Saturday, 9 May 2026 · words

A close-up of a meatpacker's hands in blood-stained rubber gloves resting on a picket sign. Cold morning mist. Natural overcast light. 35mm prime lens. 4K HDR documentary photography.
A close-up of a meatpacker's hands in blood-stained rubber gloves resting on a picket sign. Cold morning mist. Natural overcast light. 35mm prime lens. 4K HDR documentary photography.

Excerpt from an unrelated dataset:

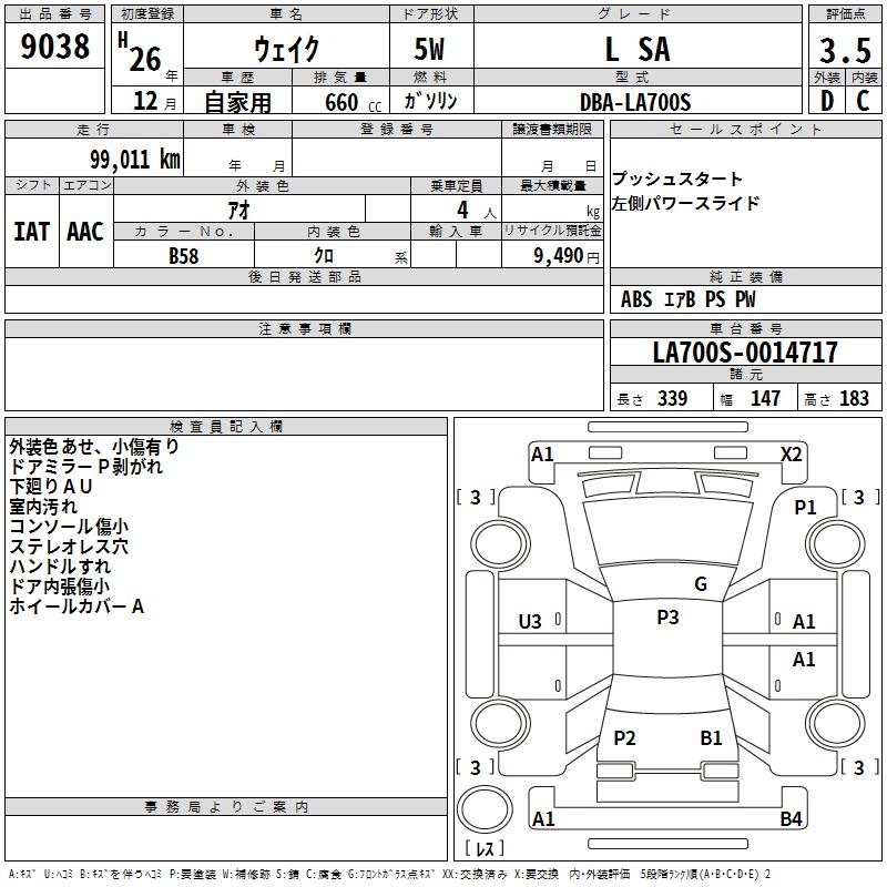 DAIHATSU WAKE - лот 9038

Three thousand workers in Greeley, Colorado, walked off the killing floor this week. These members of UFCW Local 7 are striking against the JBS meatpacking giant. They cite rampant wage theft and dangerous line speeds. The strike hits as the Department of Justice launches a criminal antitrust probe. This investigation targets the 'Big Four' corporations: Cargill, JBS, National Beef, and Tyson Foods. These firms control 85 percent of the United States meat market. In Denver, Governor Jared Polis is reviewing legislation to ban 'surveillance pricing' and 'algorithmic wage discrimination.' This practice uses personal data to set the lowest possible wages for laborers. The pain extends to the Global South. In Sudan, farmers like Omer al-Hassan are struggling to rebuild. He returned to his land near Omdurman only to face a fertilizer crisis. The maritime blockade in the Middle East has halved urea output. Fuel prices have spiked. The link between the Colorado picket line and the Sudanese field is a single, extractive logic. The cartel protects its margins by starving the worker and the consumer alike. This is the structural reality of our food system. The state only intervenes when the supply chain threatens to snap. We are witnessing the terminal stage of agricultural liquidation. Private capital has enclosed the very proteins of life. The workers in Greeley are the first line of defense against this starvation economy.